Dali’nin Diary of a Genius kitabı elime geçtiğinde resimlerini betimlemeye başladım. Bir şeyleri tarif etmek! Hiç denememişim. Tiyatro ve senaryo yazarlığı eğitimine başladım. Karşı cinsin ağzından yazmak, üçüncü tekil şahıs olarak yazmak, bir karakter yaratmak… Resim yaparken sürekli ağaç çiziyorsanız, bir süre sonra çok güzel ağaçlar yaparsınız ama at çizmeye kalktığınızda ağaç çizme becerinizin at çizmenize pek de katkı sağlamadığını görürsünüz. Atı iyi çizmek için yine egzersiz yapmanız gerekir. Yazarken de aynı mantık geçerli. Bir mekanı betimlemek, kitap eleştirisi yazmak, özet çıkarmaktan tutun da bir diyalog yazmaya kadar her yazma eylemi çalışma gerektirir.

Bu egzersizleri belli bir disiplinde yapmanın tüm yazar ve editör adaylarına çok katkı sağlayacağını düşündüğüm için Yaratıcı Yazarlık Defteri’ni hazırladım. Türkçesi yakında Yitik Ülke Yayınları’ndan çıkacak. Yıllar içerisinde keşfettiğim birçok yazma egzersizini bu defterdeki sorulara aktardım. Her formatta yazmak bir yazarı ve editörü müthiş geliştiriyor. Haber, röportaj, reklam metni, kısa öykü ya da şiir…

Yazanlar ilk dönemlerinde, yeni öğrendikleri kelimeleri metinlerine yedirmeyi ve dili zorlamayı sever. Tüm yazarların kendi dillerine, üsluplarına kavuşmadan önce dilde coştuğu bir aşama vardır. Bunlar öğrenme açısından çok kıymetli! Bu yüzden kuralları iyi öğrendikten sonra yıkmaktan, farklı şeyler denemekten çekinmeyin.

Usta çırak ilişkisi
Bir editör adayının en büyük şansı başka birkaç editörün ona zaman ayırması, hatalarını düzeltmesi olur. Stephen King Yazma Sanatı kitabında -kitap bittikten sonra yüzde 30’unu atın- diyor. Gereksiz sıfatlar, zamirler, tekrarlar derken hakikaten bir metnin kemiksiz hâline ulaşmak, onu rafine etmek ama rafine ederken de tuzunu, biberini iyi ayarlamak ustalık gerektiriyor.

Yazarların en büyük yanılgısı metinlerinin kutsal ve dokunulmaz olduklarını düşünmeleri.

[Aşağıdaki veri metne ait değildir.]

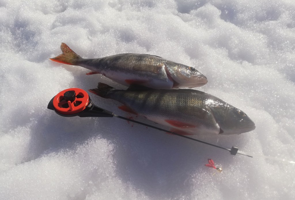 Varovaisella ahvenella oli myös seuraa, joista toisen sain noin 5 min houkuttelun jälkeen ylös. Tämän jälkeen pieni siimahärdelli ja kaksi muuta luotaimella näkynyttä ahventa olivat poissa. No, jotain havaintoja sentään ja motivaatio vielä viimeiseen rei’itykseen löytyi. Tein parit reiät joka suuntaan edellisestä, sillä mistäpä sitä muuten tietäisi minne luotamella näkynyt parven tynkä liikkui. Tai no, eipä sitä tiennyt tuollakaan tapaa, sillä ainuttakaan kalahavaintoa ei sen koommin tullut.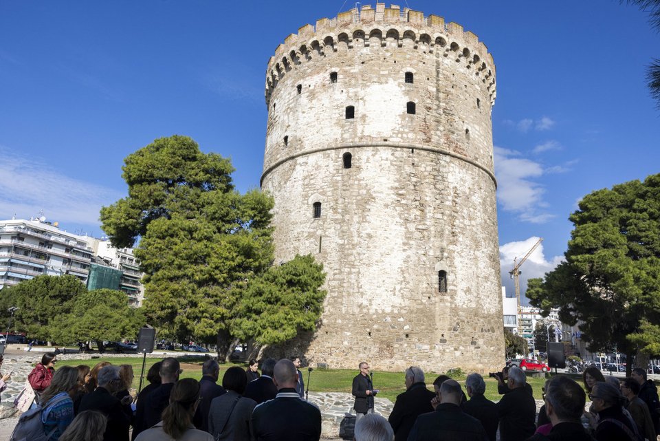 Σήμερα τιμούμε όχι μόνο ένα μνημείο φτιαγμένο από πέτρα και χρόνο, αλλά κι ένα ορόσημο των κινούμενων εικόνων, που γεφυρώνει την ιστορική κληρονομιά με την κινηματογραφική παρακαταθήκη. Ο Λευκός Πύργος, μέσα από την ποιητική ματιά του Θόδωρου Αγγελόπουλου, έγινε κάτι παραπάνω από ένα εμβληματικό μνημείο. Έγινε φορέας μνήμης και κιβωτός της ελληνικής ψυχής. Στον κινηματογράφο του Αγγελόπουλου ο Λευκός Πύργος υπερέβη τη λειτουργία του απλού φόντου, καθώς υπήρξε μάρτυρας της ιστορίας, της εξορίας, του αιώνιου ανθρώπινου δράματος, θυμίζοντάς μας τη μεταμορφωτική δύναμη του κινηματογράφου και τον τρόπο με τον οποίο διαφυλάσσει την εύθραυστη ισορροπία της μνήμης και της συλλογικής συνείδησης. Στην εποχή μας εξάλλου, περισσότερο από ποτέ άλλοτε, είναι ουσιαστικό να θυμόμαστε τις ιστορίες του παρελθόντος» υπογράμμισε. Ακολούθησαν οι τοποθετήσεις της Αθηνάς Καρτάλου και του Αναστάσιου Αντωνάρα, ενώ στη συνέχεια έγινε εκτενής αναδρομή στις ιστορικές καταβολές του Λευκού Πύργου και την πορεία του ανά τους αιώνες, φτάνοντας μέχρι τη σημερινή εποχή.

Metinlere âşık olmamak, onlara bir yabancıymış gibi davranmak gerekiyor. İşte o zaman objektif bir şekilde gerçekten değerli bir metin çıkar ortaya… Editörler de elini korkak alıştırmamalı… Dene, yanıl, bir daha dene… Bir yazarla çalışırken yeni başladığınız için kendinizi yetersiz hissetmeyin. Öğrenme ömür boyu sürer.

Ben daha iyi olmak için iyi-kötü ayırt etmeden her gelen işi yaptım, bu da beni inanılmaz geliştirdi. Editörlüğünü yaptığım her kitaptan çok şey öğrendiğim gibi yazarına da çok şey öğrettim. Kitap okurken elimden kurşun kalem düşmez. İş için okumasam bile hata varsa işaretlerim. Çok çileden çıkarsam bitirdiğim kitabı hayrına yayınevine postalarım.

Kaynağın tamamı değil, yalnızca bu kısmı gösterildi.